Every prompt, response, and intermediate computation stays within your physical network boundary. No API calls leave your facility. Air-gap compatible for the most sensitive environments.

Model Selection Freedom

Choose from any open-weight model at any parameter scale. Swap models without vendor lock-in. Fine-tune on proprietary data you would never upload to a third party.

Predictable Cost Structure

No per-token billing that scales unpredictably. One-time hardware investment plus electricity and maintenance. At high inference volumes, on-prem costs 3-10x less than API pricing over a 3-year horizon.

Full Customization Control

Apply custom system prompts, guardrails, output formatting, and domain-specific fine-tuning. No terms-of-service restrictions on use cases. Your models serve your business logic exclusively.

On-Prem LLM Deployment Pipeline

1

Assess

Workload profiling and model sizing

2

Provision

GPU hardware and networking

3

Optimize

Quantization and benchmarking

4

Deploy

Inference engine and API layer

5

Monitor

Performance and capacity tracking

On-Premises LLM Architecture

INTERFACEAPI ServerChat UISDKSERVINGvLLMTGIOllamaMODELSLlama 3MistralCode ModelsHARDWAREGPU ClusterStorageNetwork

Model Quantization and Optimization

Running a 70-billion parameter model at full FP16 precision requires 140 GB of GPU VRAM. Most organizations do not need that level of precision. Quantization compresses model weights to INT8, INT4, or even lower precision, reducing memory requirements by 2-4x with minimal quality degradation. The key is knowing which quantization method matches your accuracy requirements.

GPTQ quantization. Post-training quantization that compresses weights to 4-bit integers. A 70B model at GPTQ-4bit fits on a single NVIDIA A100 80GB card. Inference quality stays within 1-2% of the full-precision baseline for most enterprise tasks including summarization, extraction, and classification.

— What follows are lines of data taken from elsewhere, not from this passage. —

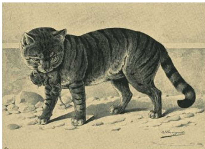
Fig. 14. Cyprien-Katze.

Die Cyprien-Katze (Fig. 14) ist gelbgrau mit schwarzen Querstreifen und es hat den Anschein, als ob sie auf der Insel Cypern mit Sorgfalt gezüchtet wurde. Nach Michel berichtet Villamont von dem Cap della Gatte (Katzenkap) auf Cypern, daß dort ein Kloster von den Türken zerstört wurde, worin sich Katzen befanden, die einen sehr wirksamen Krieg gegen die dort massenhaft vorkommenden Schlangen führten. "Die Schlangen", sagt er, "sind auf dieser Insel von schwarzweißer Färbung, zum mindesten sieben Fuß lang und gegen sechs bis acht Zoll dick; sie werden von den zum Kloster gehörigen Katzen gejagt und getötet. Mittags ruft eine Glocke des Klosters diese kühnen Jäger zum Mahle, aber sobald sie ihr Futter eingenommen, ziehen sie wieder ab, um die Verfolgung ihrer Feinde von neuem aufzunehmen."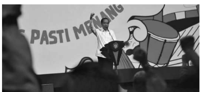
Presiden RI Joko Widodo (Jokowi) saat memberikan sambutan pada acara Peringatan 8 Tahun dan Kopi Darat Nasional Partai Solidaritas Indonesia (PSI)

Jakarta, SMN - Pemerintah kini sedang menyusun strategi besar agar Indonesia tidak terjebak dalam negara berpenghasilan menengah atau middle income trap. Tujuan utamanya adalah membangun ekosistem mobil listrik dan baterai kendaraan listrik (EV) agar negara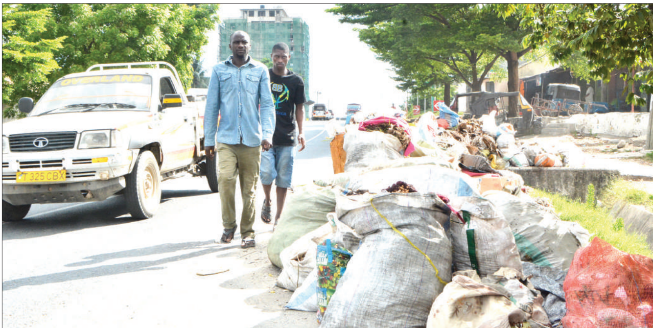
Mwananchi wakipita jirani na taka zilizotelekezwa bila ya kuzolewa kando ya barabara katika eneo la Kigogo, jijini Dar es Salaam jana.

Ilielezwa katika taarifa hiyo kuwa uteuzi mpya wa bodi umezingatia uwekezaji mkubwa katika rasilimali watu kwa kuchagua watendaji wenye sifa stahiki na utendaji mkubwa ka-tika kuendeleza benki.

AWQ (Activation-Aware Weight Quantization). Preserves the most important weight channels during compression, resulting in better quality than naive quantization at the same bit width. Particularly effective for code generation and mathematical reasoning tasks where precision matters.

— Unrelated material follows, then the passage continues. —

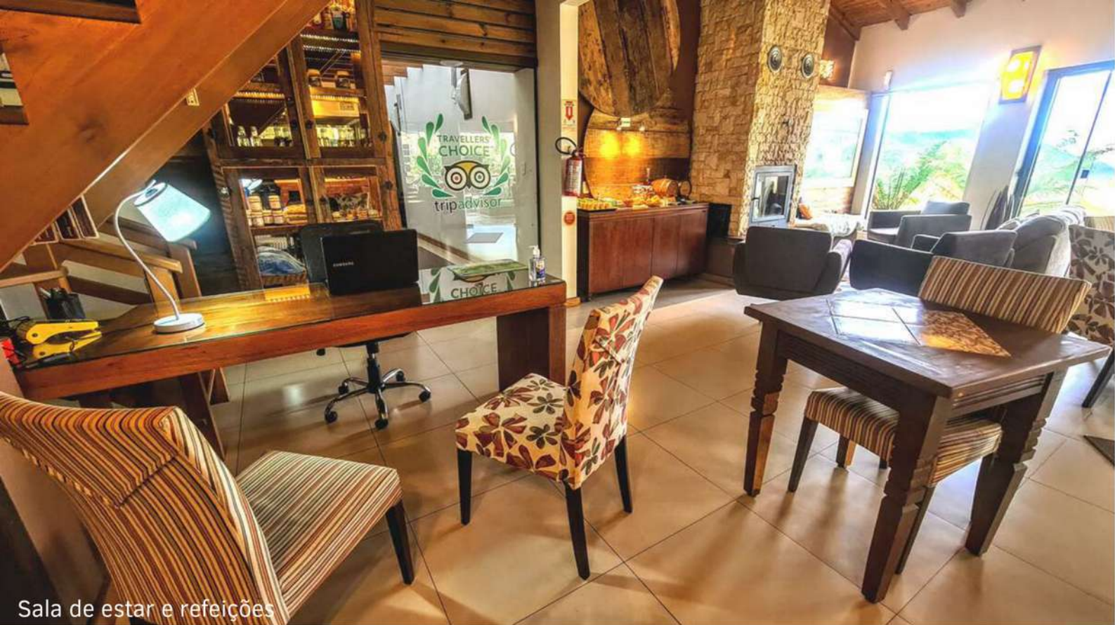
Sala de estar e refeições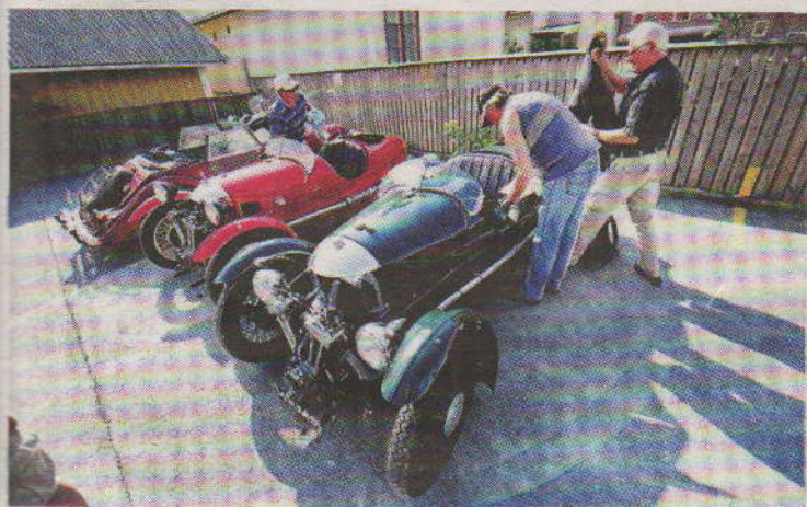
TREHJULING. Många av Morganbilarna i Karlskrona har bara tre hjul.

GGUF format for CPU+GPU hybrid. When GPU VRAM is limited, GGUF models can split layers between GPU and system RAM using llama.cpp. This enables running 70B models on hardware with only 24 GB of VRAM by offloading some layers to CPU. Throughput is lower but the cost savings can be substantial for low-volume workloads.

Hardware Requirements

The right hardware depends on your model size, concurrency requirements, and latency targets. We profile your actual workload before recommending hardware to avoid both over-provisioning and bottlenecks.

Single-GPU deployments. Models up to 13B parameters at FP16 or 70B at INT4 run well on a single NVIDIA A100 80GB or H100 80GB. Suitable for teams of 10-50 concurrent users with sub-second latency requirements.

Multi-GPU with NVLink. For 70B+ models at higher precision or higher concurrency, tensor parallelism across 2-8 GPUs connected via NVLink provides linear scaling. An 8xH100 node handles 405B-parameter models with throughput sufficient for hundreds of concurrent users.

Inference-optimized servers. Purpose-built servers from NVIDIA (DGX), Dell (PowerEdge XE9680), or Supermicro with optimized cooling, power delivery, and NVLink topology. We specify the exact SKU and configuration for your workload rather than defaulting to the most expensive option.

Who This Is For

On-premises LLM deployment is the right choice for organizations that cannot send data to external APIs under any circumstances. Healthcare systems processing PHI, law firms handling privileged documents, defense contractors working with CUI or classified data, and financial institutions with strict data residency requirements all benefit from this approach.

If your security team would reject a cloud AI proposal, on-prem is the path forward. We help you get from hardware procurement to production inference in weeks, not months.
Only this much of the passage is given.